Supporting ''and, or, not'' in queries

Right now we don't support expressions like {{{0 < x and x < 1}}} because Python does not allow the logical operators to operate on and return numpy arrays. So this has to be emulated by the user with a clumsy and error prone {{{(0 < x) & (x < 1)}}} construct.

A possibly simple way of supporting true logical ops. would be using {{{module ast}}} to parse the {{{WHERE}}} expression, locating all logical ops, and replacing them by bitwise operators (and comparisons to 1 and 0). We should try this out.

Supporting aggregates

Aggregates (like COUNT(), MEAN(), etc..) fit naturally into M/R framework.

Concept I:

  • Allow any python callable to be an aggregate, if it has an 'AGGREGATE = True' attribute defined.
  • Inspect the where clause for aggregates (using {{{ast}}} to find all callables, and inspecting their members). If an aggregate is found, any non-aggregates implicitly become "GROUP BY" columns
  • The mapper will split input rows into blocks keyed by the group-by columns
  • The reducer will call the aggregates on each aggregate column
    • The aggregates take an iterable that yields blocks of the aggregate column data (the ones emitted by the mapper)

Concept II (optimized):

  • Allow any python callable to be an aggregate, if it has an 'AGGREGATE = True' attribute defined.
  • If the callable has no attribute "MAPREDUCE = True", work as in Concept I
  • Inspect the where clause for aggregates (using {{{ast}}} to find all callables, and inspecting their members). If an aggregate is found, any non-aggregates implicitly become "GROUP BY" columns
  • The mapper will split input rows into blocks, set an attribute "STAGE='map'" on the aggregates, and call them on the blocks, keyed by the group-by columns
  • The reducer sets attribute "STAGE='reduce'" and calls the aggregates on data from each aggregate column

Concept II allows the aggregates to compute partial results in the mappers, in cases where that's possible (e.g., computing sums, or averages). The behavior of Concept I is required for things like medians (where one needs to have all the rows available).

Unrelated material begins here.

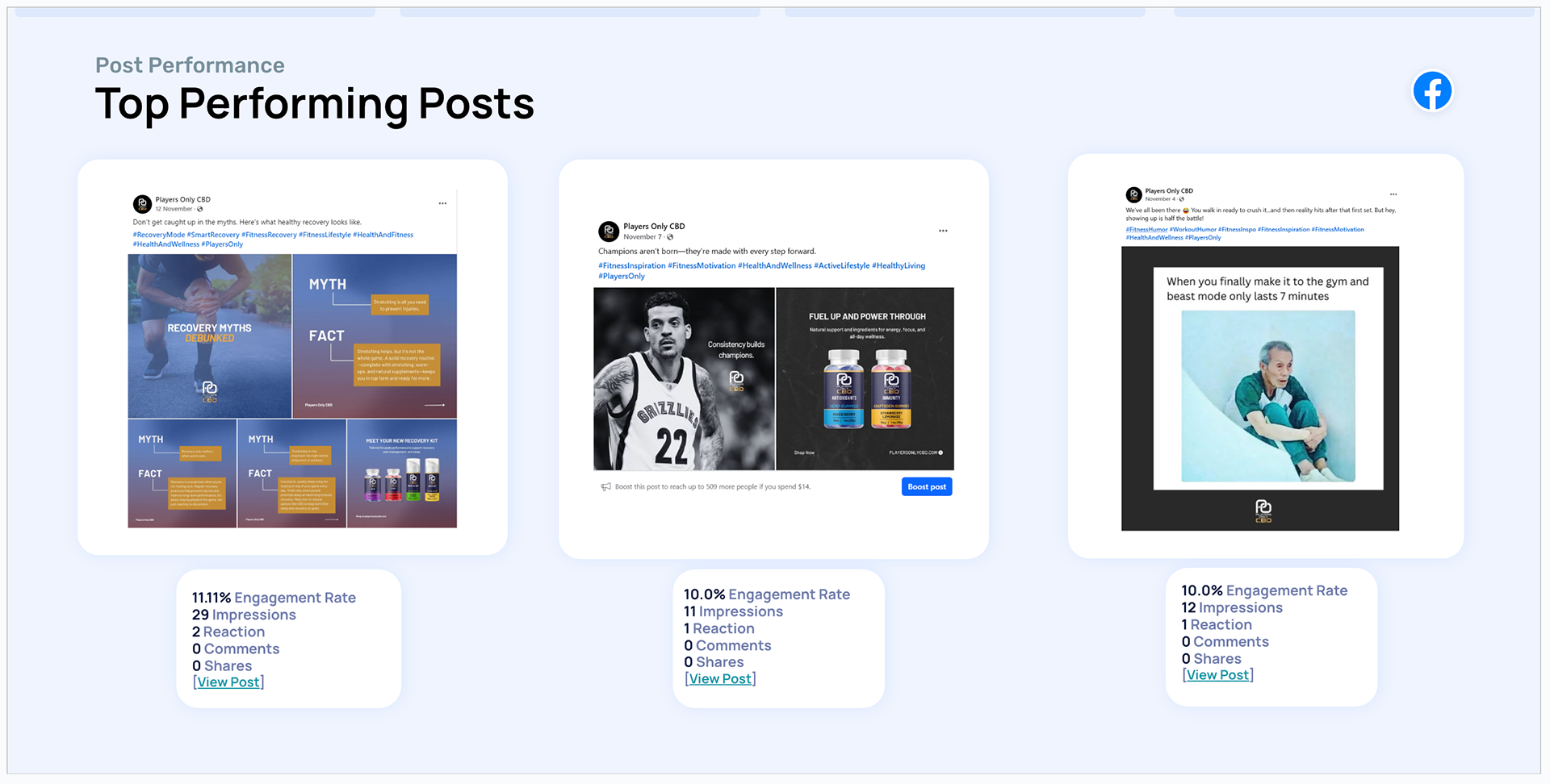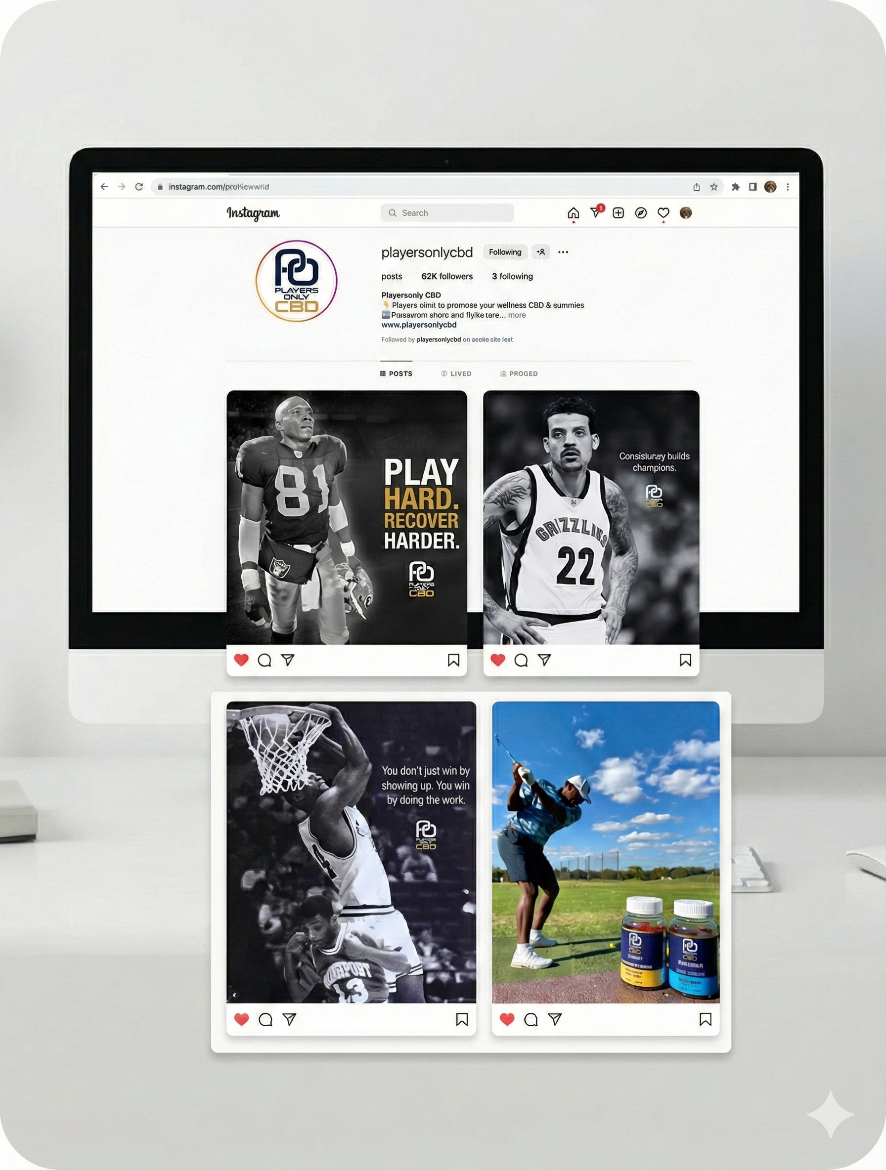 Over the course of our partnership, Players Only CBD moved from sporadic posting to a clear, consistent content system.

Python language extensions

Extend python syntax to make LSD M/R queries easier to write.

############################################################
#!/usr/bin/env lsd-python

bands = 'ugriz'

def myfunction():
	select:
		mean, nmag_ok
	from:
		ps1_obj, cal_mags
	map:
		bits = np.empty(len(mean), dtype=bool)
		for i in xrange(5):
			bits |= (nmag_ok(4-i) > 0) << i
		for ubit in uniq(bits):
			yield ubit, sum(bits == ubit)
	reduce (ubit, values):
		yield ubit, sum(values)
	iterate as (ubit, count):
		s = ''
		for bit in xrange(5):
			s += bands[bit] if ubit & 2**bit else '-'
		print s, count

	
############################################################

Check [http://code.activestate.com/recipes/546539/ this] and [http://fiber-space.de/wordpress/ EasyEncoding] for ideas how to do this.

Another LSD/MapReduce Example

import lsd
import pyfits
import numpy as np

def coverage_mapper(qresult, dx, filter):
        for rows in qresult:
                lon, lat = rows.as_columns()

                # Pixel indices
                i = (lon / dx).astype(int)
                j = ((90 - lat) / dx).astype(int)

                # Cut out the patch with data
                (imin, imax, jmin, jmax) = (i.min(), i.max(), j.min(), j.max())
                w = imax - imin + 1
                h = jmax - jmin + 1
                i -= imin; j -= jmin

                # Binning
                sky = np.zeros(w*h)
                idx = np.bincount(j + i*h)
                sky[0:len(idx)] = idx
                sky = sky.reshape((w, h))

                yield (sky, imin, jmin)

dx = 1./3600.
width  = int(np.ceil(360/dx))
height = int(np.ceil(180/dx)+1)

sky = np.zeros((width, height))

db = lsd.DB("db")
q = db.query("select ra, dec from ps1_det")
for (patch, imin, jmin) in q.execute([(_coverage_mapper, dx, filter)]):
        sky[imin:imin + patch.shape[0], jmin:jmin + patch.shape[1]] += patch

pyfits.writeto(output, sky[::-1,::-1].transpose(), clobber=True)